Battelines
- Cover art for Battlelines
- Author: The Hon Tony Abbott MP
- Language: English
- Subject: Political manifesto,
- Genre: Autobiography,
- Publisher: Melbourne University Press
- Publication date: 2009
- Publication place: Australia
- Pages: 368
- ISBN: 978-0-522-85774-0
- Preceded by: How to Win the Constitutional War: and give both sides what they want
- Followed by: A Stronger Australia

= Battlelines =

Book by Tony Abbott

Battlelines is a 2009 book by Tony Abbott.
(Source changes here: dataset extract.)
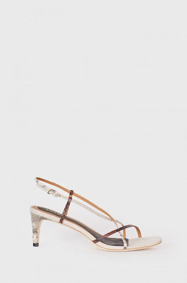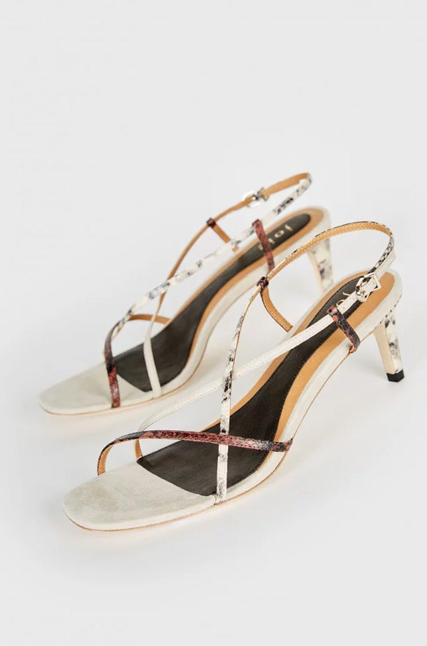 Not your average strappy sandal, these are delicate and unexpected thanks to the mixed print crossover straps. Slide them on to punch up every outfit from denim to dresses.

The book was published while Abbott was in opposition, four years before he was elected as Prime Minister of Australia in 2013.

The book is partly autobiographical and discusses Abbott's experiences in the Liberal Party of Australia and in the Howard government. The book was written during Abbott's time as a Shadow Minister following the 2007 defeat of the Howard government and prior to Abbott's 2009 Liberal Party leadership election as Leader of the Opposition in the Australian Parliament.

==Background and synopsis==
Written in the aftermath of the defeat of the Howard government, in which Abbott had served as a senior Cabinet Minister, the book is partly an autobiography, partly an insider critique and examination of the record of the Howard government and partly a manifesto on future directions for the Liberal Party, which had entered opposition after 11 years in office. It was published during the tenure of Malcolm Turnbull as leader of the opposition.

In the book, Abbott said that in certain aspects, the Australian Federation was "dysfunctional" and in need of repair. He recommended the establishment of local hospital and school boards to manage health and education; and discussed family law reform; multiculturalism, the monarchy in Australia, climate change; and international relations. The book received a favourable review from former Labor Party speech writer Bob Ellis, and The Australian newspaper described it as "read almost universally as Abbott's intellectual application for the party's leadership after the Turnbull experiment".

In a review of the book, professor of politics Robert Manne pointed out numerous self-contradictions, and summarized it as a "hallelujah chorus in praise of his former leader" John Howard and a "hodgepodge of half-baked thoughts and determinedly unresolved contradictions".